It is not surprising that babies with low birth weights are at risk for developmental difficulties, but extraoridinarily large babies also face a higher than noraml risk of medical problems. In the United States the average full term single birth baby has a weight of 3.4 kg with a standard deviation of 0.6 kg.
a) Babies below 2.5 kg in weight are considered to be high risk/low weight deliveries. Assuming birth weghts are normally distributed, what percentage of births would be in this category?
b) Babies above 4.6 in weight are considered to be high risk/high birth weight deliveries. What percentage of births would fall in this category?
c) Suppose a new study claims that only the middle 80% of the birth weights should be considered normal. What would be the new cut-off points for low and high weight risk deliveries?

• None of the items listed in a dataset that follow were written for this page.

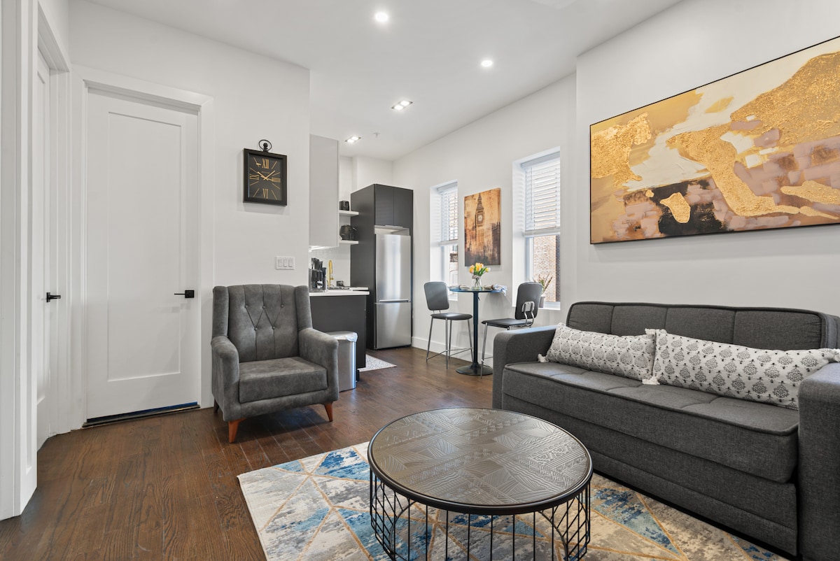 ホーボーケンのダウンタウン中心部でスタイリッシュな体験をお楽しみください。 ビッグアップルに行くための公共交通機関(パス、バス、フェリー)からわずか2ブロックの静かな通りにあります。 この新しく改装されたアパートには、寝室2部屋、広いキッチン/ダイニングエリア、朝ヨガにぴったりのテラスへのアクセスがあるリビングスペースがあります。 レストラン、ショップ、ニューヨーク市と自由の女神への公共交通機関からわずか数歩です。 とても便利で快適なご滞在をお楽しみいただけるこの機会をお見逃しなく。
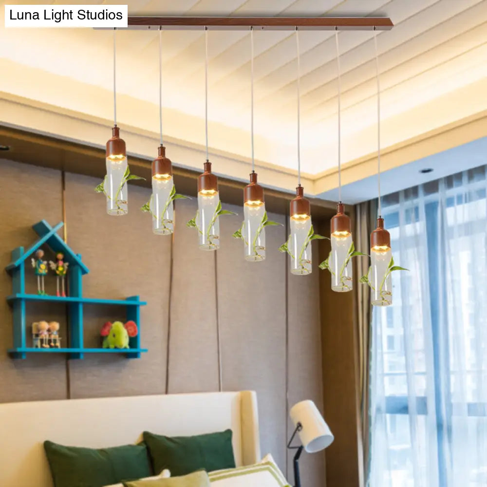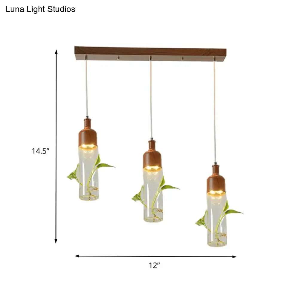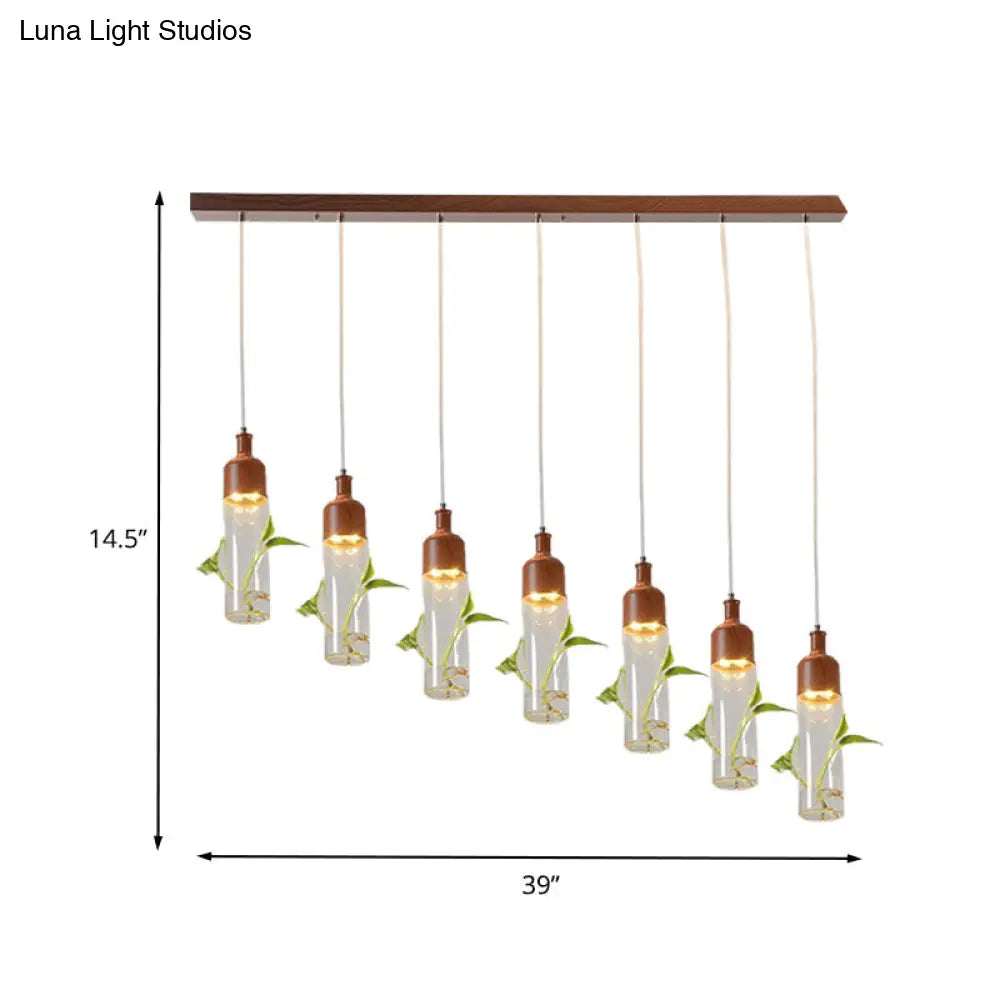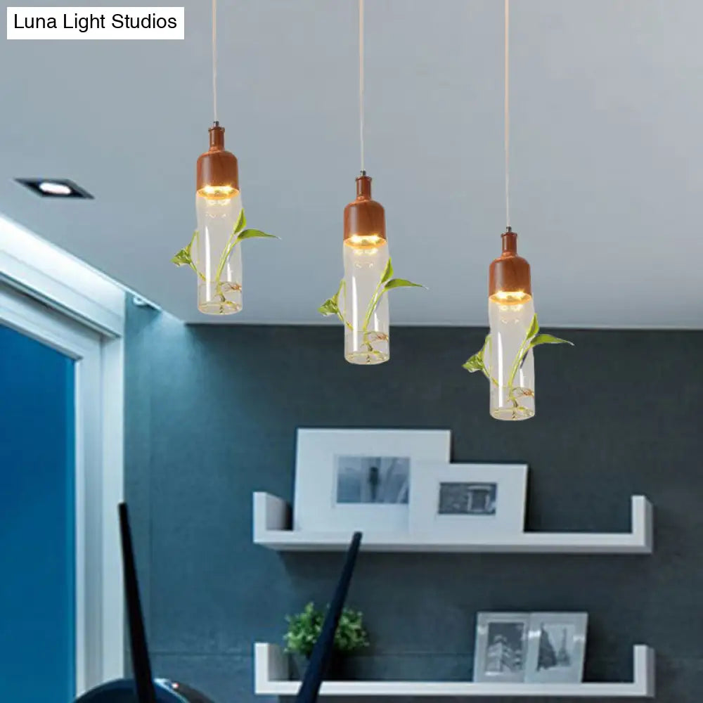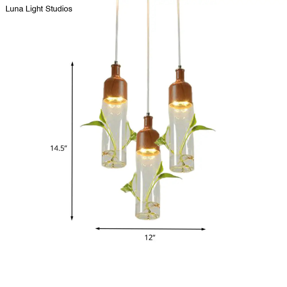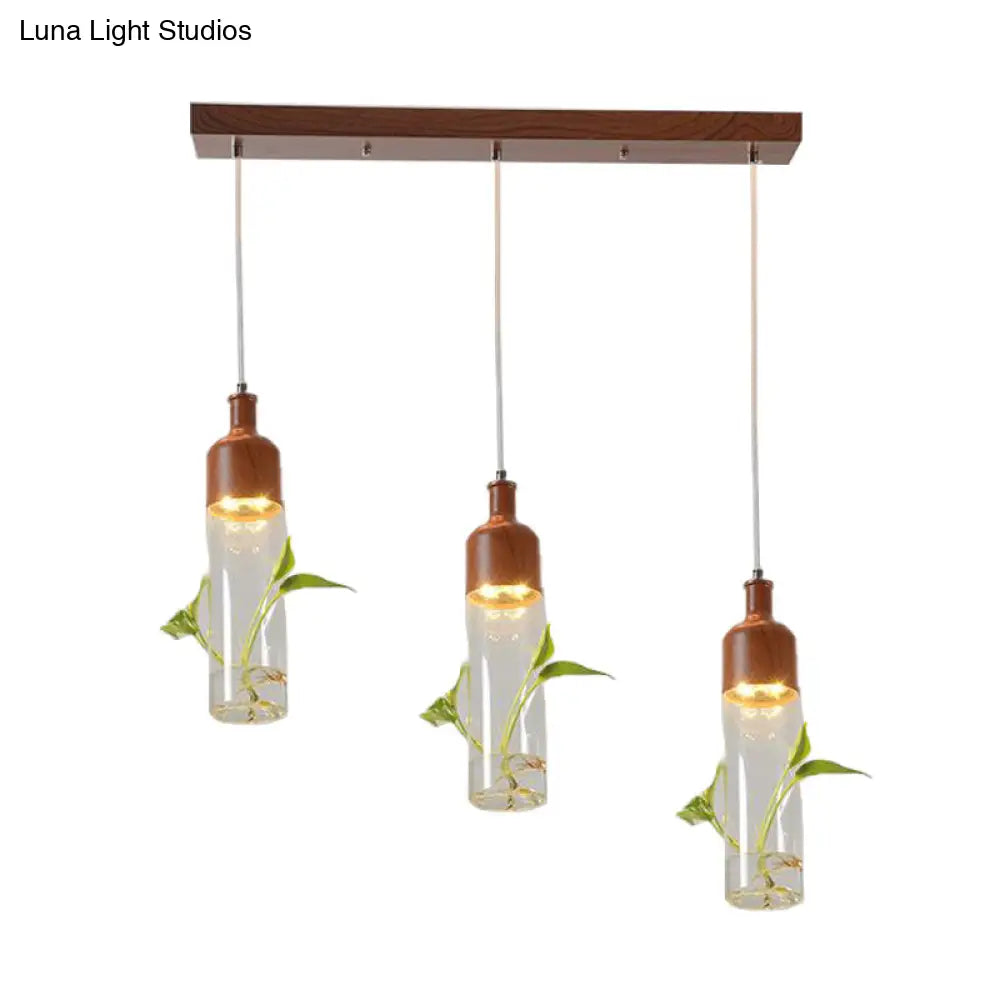 Lámpara de techo colgante con forma de racimo de botellas de vino antiguas - LED metálico con múltiples bombillas, acabado marrón
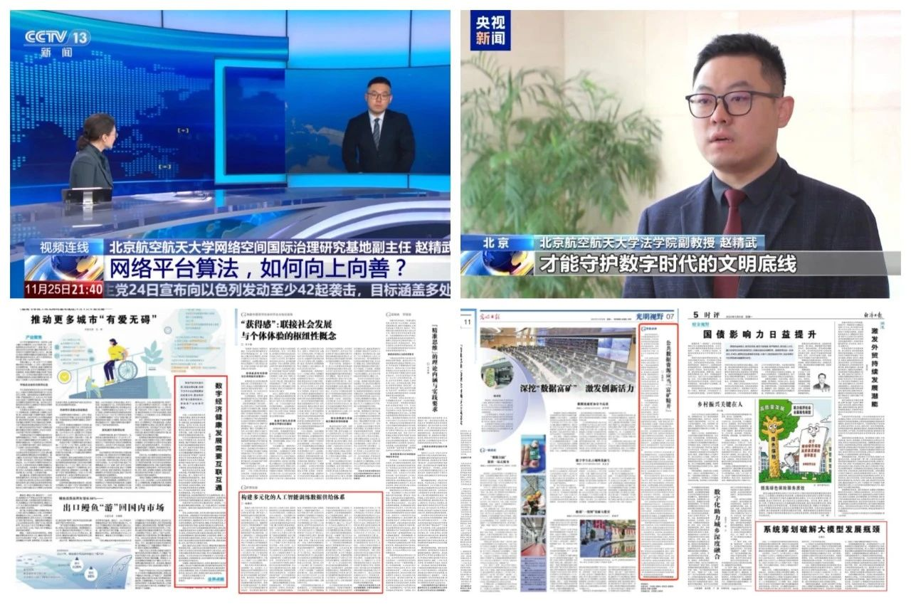 对于信息茧房与大数据杀熟等网络平台算法问题、博流量的网络直播乱象、网络水军背后黑灰产业链治理、高危害性网络暴力规制难题等社会热点,赵精武 多次接受媒体采访,强调应加强源头治理、精准监管和多方联动机制建设,形成社会共治的格局。针对公共安全视频图像信息系统的管理、AI“复活”逝者等技术的应用边界,他援引相关法律法规指明合法性界限,强调个人隐私保护与人工智能技术规范应用。部分内容获中央电视台以及《人民日报》《光明日报》《经济日报》《中国社会科学报》《法治日报》等媒体广泛报道,有效推动 学术研究成果向社会治理效能转化。

****PLEASE provide steps & answers! Thanks :)
Z = (score-mean)/SD
Find table in the back of your statistics text labeled something like "areas under normal distribution" to find the proportion/probability for each Z score.
For C, use P(±.40) to find Z and insert into equation above.
To find the percentage of births falling in a certain weight category or range, we need to use the concept of z-scores and the standard normal distribution. The z-score measures the number of standard deviations a particular value is away from the mean.
a) To find the percentage of births below 2.5 kg (low weight deliveries), we first need to calculate the z-score for this weight using the formula:
z = (x - μ) / σ
where:
x = the specific value (2.5 kg)
μ = the mean (3.4 kg)
σ = the standard deviation (0.6 kg)
Substituting the values, we get:
z = (2.5 - 3.4) / 0.6
z = -0.9 / 0.6
z = -1.5
Now, we need to find the area under the standard normal distribution curve to the left of z = -1.5. This can be done using statistical tables or software.
Looking up the z-score -1.5 in the standard normal distribution table, we find that the area to the left of it is approximately 0.0668 or 6.68%.
Therefore, approximately 6.68% of births would be categorized as high-risk/low-weight deliveries.
b) To find the percentage of births above 4.6 kg (high birth weight deliveries), we follow a similar process.
z = (4.6 - 3.4) / 0.6
z = 1.2 / 0.6
z = 2.0
Looking up the z-score 2.0 in the standard normal distribution table, we find that the area to the left of it is approximately 0.9772 or 97.72%.
Since we want the percentage of births above 4.6 kg, we subtract the area to the left from 1:
1 - 0.9772 = 0.0228 or 2.28%
Therefore, approximately 2.28% of births would be categorized as high-risk/high-weight deliveries.
c) If only the middle 80% of birth weights are considered normal, we need to find the new cutoff points for low and high weight risk deliveries.
Since the middle 80% refers to the range that covers 80% of the data, we need to find the z-scores that correspond to the upper and lower 10th percentiles of the standard normal distribution.
The lower 10th percentile corresponds to an area to the left of z = -1.28, while the upper 10th percentile corresponds to an area to the right of z = 1.28.
Using the z-score formula, we can solve for the new cutoff points:
-1.28 = (x - 3.4) / 0.6 (lower cutoff)
1.28 = (x - 3.4) / 0.6 (upper cutoff)
Solving for 'x' in both equations:
x - 3.4 = -1.28 * 0.6
x - 3.4 = -0.768
x = 2.632
x - 3.4 = 1.28 * 0.6
x - 3.4 = 0.768
x = 4.168
The new cutoff points for low and high weight risk deliveries would be approximately 2.632 kg and 4.168 kg, respectively.